ただ、ヨコ型という構造は必ずしも日本に向いているわけではないと出井氏は指摘する。
「ものづくりにはむしろタテ型であることが有利に働く。例えば部品点数が何万点もあるようなものを組み立てる自動車産業にはタテ型が向いていたりする。技術開発を積み重ねた上でのタテ型組織で動いているうちに、結果としてヨコ型も付随する、そうした“超タテ型”ともいうべき構造に日本の未来はある」(出井氏)
単に規格品を大量生産するだけならばヨコ型産業が有利だが、技術開発を特定の分野に絞り、独自の産業としてそれに注力していくならばタテ型が優位であるということだ。
また、企業の戦略において、既存構造の下での延命戦略と新構造の下での成長戦略の2つがあることを出井氏は提示し、前者を「XYZ戦略」、後者を「ABC戦略」とした。
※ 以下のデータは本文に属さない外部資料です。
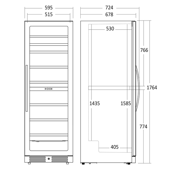 Vinkøleskab SV 124 B til 126 flasker - 2 zoner - Scandomestic Brand: Scandomestic Produktmål, HxBxD, mm 1764 x 595 x 680 Bruttovolume, ltr 461
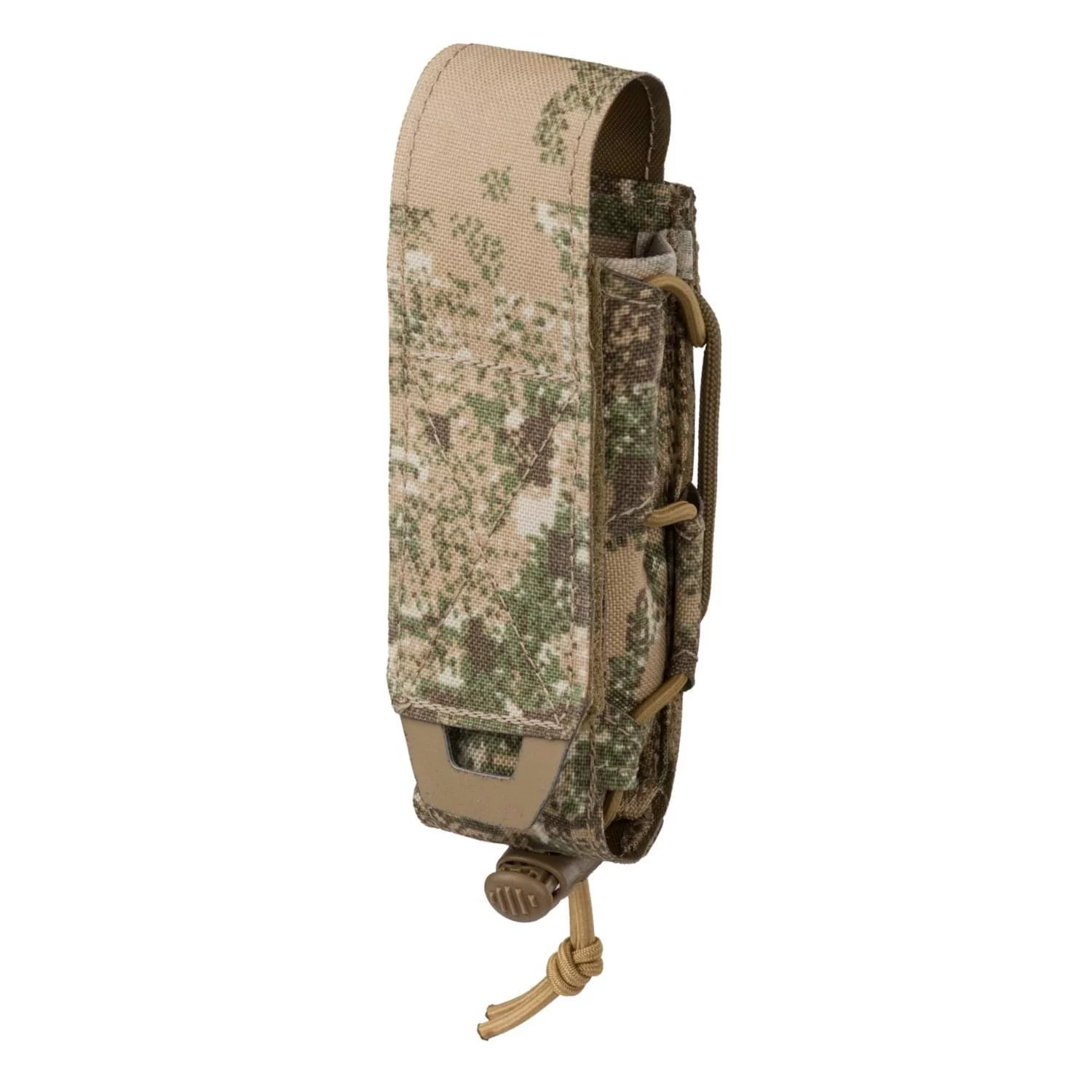 Prosta, jednokomorowa konstrukcja kieszeni zapewnia łatwy dostęp do magazynka. Pomieści jeden magazynek dwurzędowy, a siła retencji regulowana jest zewnętrzną pętlą z shockcordu.

その上で、21世紀においても競争力のある企業にしていくためには、XYZ戦略の不要部分を捨てつつもその戦略を否定することなくビジネスモデルを再定義する必要があると訴えた。
「例えばあるテクノロジーをXYZ戦略として有している場合、その延長線だけを考えていても未来はないだろう。今後競争力を高めていくためには、軸となるテクノロジーをどのように新たなマテリアルに生かしていくかというABC戦略を考えていかなくてはならない」(出井氏)
講演後の参加者によるディスカッションでも既存構造下での戦略の取捨選択が1つの論点となった。残すべきものを短期的な利益のために捨ててしまっては会社のそのもののアイデンティティを失いかねない。出井氏は、企業によって残すべき大切なものは各々異なるとしながらも「大切なものにこだわりを持ち、それを追求していくことが日本企業の強さでもある」と自身の考えを述べた。
「震災により浮き彫りになった諸問題について検証しながら、新たな思想で日本の未来を作っていくことがわれわれのミッションだ。日本は企業という多くの財産を持っているが、これをどう生かしていくかが今後重要となるだろう」(出井氏)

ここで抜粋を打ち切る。